Please return the data word for word and leave out any picture it contains.
---------- DATASET EXCERPT ----------
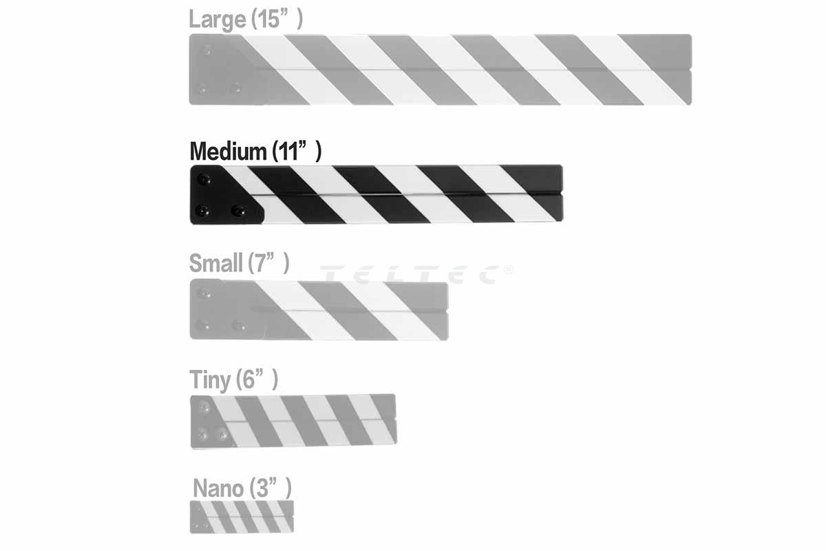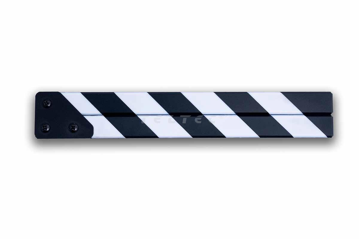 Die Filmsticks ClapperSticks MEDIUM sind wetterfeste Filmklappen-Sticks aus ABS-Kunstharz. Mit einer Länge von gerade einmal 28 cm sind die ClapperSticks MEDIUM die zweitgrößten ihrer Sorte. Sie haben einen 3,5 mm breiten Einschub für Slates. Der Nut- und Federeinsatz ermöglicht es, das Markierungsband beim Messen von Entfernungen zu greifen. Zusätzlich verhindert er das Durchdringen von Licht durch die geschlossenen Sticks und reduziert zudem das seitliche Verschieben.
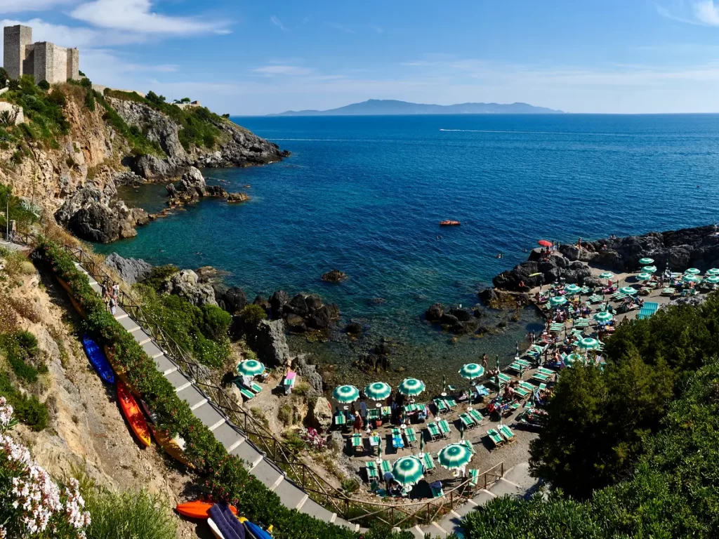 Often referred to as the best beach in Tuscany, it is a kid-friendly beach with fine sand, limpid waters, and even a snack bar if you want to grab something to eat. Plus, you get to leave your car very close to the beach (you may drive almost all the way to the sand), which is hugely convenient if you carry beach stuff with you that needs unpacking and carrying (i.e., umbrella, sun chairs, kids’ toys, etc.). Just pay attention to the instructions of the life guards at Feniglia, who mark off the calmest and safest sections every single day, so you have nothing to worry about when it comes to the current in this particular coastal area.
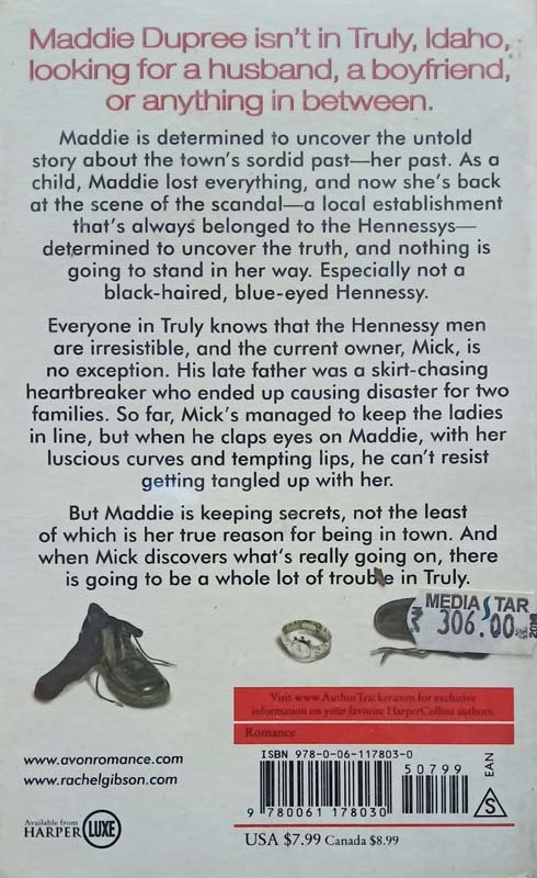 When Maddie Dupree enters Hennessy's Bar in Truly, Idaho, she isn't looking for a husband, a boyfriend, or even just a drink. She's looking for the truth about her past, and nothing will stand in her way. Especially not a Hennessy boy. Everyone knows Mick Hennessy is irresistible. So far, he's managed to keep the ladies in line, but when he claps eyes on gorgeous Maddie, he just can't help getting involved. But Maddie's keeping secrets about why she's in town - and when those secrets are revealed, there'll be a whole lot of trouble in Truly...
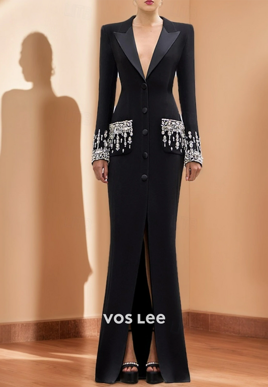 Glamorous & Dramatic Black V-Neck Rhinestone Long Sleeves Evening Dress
----------
▸ REPLY TO THE EXERCISE:
 Die Filmsticks ClapperSticks MEDIUM sind wetterfeste Filmklappen-Sticks aus ABS-Kunstharz. Mit einer Länge von gerade einmal 28 cm sind die ClapperSticks MEDIUM die zweitgrößten ihrer Sorte. Sie haben einen 3,5 mm breiten Einschub für Slates. Der Nut- und Federeinsatz ermöglicht es, das Markierungsband beim Messen von Entfernungen zu greifen. Zusätzlich verhindert er das Durchdringen von Licht durch die geschlossenen Sticks und reduziert zudem das seitliche Verschieben.
 Often referred to as the best beach in Tuscany, it is a kid-friendly beach with fine sand, limpid waters, and even a snack bar if you want to grab something to eat. Plus, you get to leave your car very close to the beach (you may drive almost all the way to the sand), which is hugely convenient if you carry beach stuff with you that needs unpacking and carrying (i.e., umbrella, sun chairs, kids’ toys, etc.). Just pay attention to the instructions of the life guards at Feniglia, who mark off the calmest and safest sections every single day, so you have nothing to worry about when it comes to the current in this particular coastal area.
 When Maddie Dupree enters Hennessy's Bar in Truly, Idaho, she isn't looking for a husband, a boyfriend, or even just a drink. She's looking for the truth about her past, and nothing will stand in her way. Especially not a Hennessy boy. Everyone knows Mick Hennessy is irresistible. So far, he's managed to keep the ladies in line, but when he claps eyes on gorgeous Maddie, he just can't help getting involved. But Maddie's keeping secrets about why she's in town - and when those secrets are revealed, there'll be a whole lot of trouble in Truly...
 Glamorous & Dramatic Black V-Neck Rhinestone Long Sleeves Evening Dress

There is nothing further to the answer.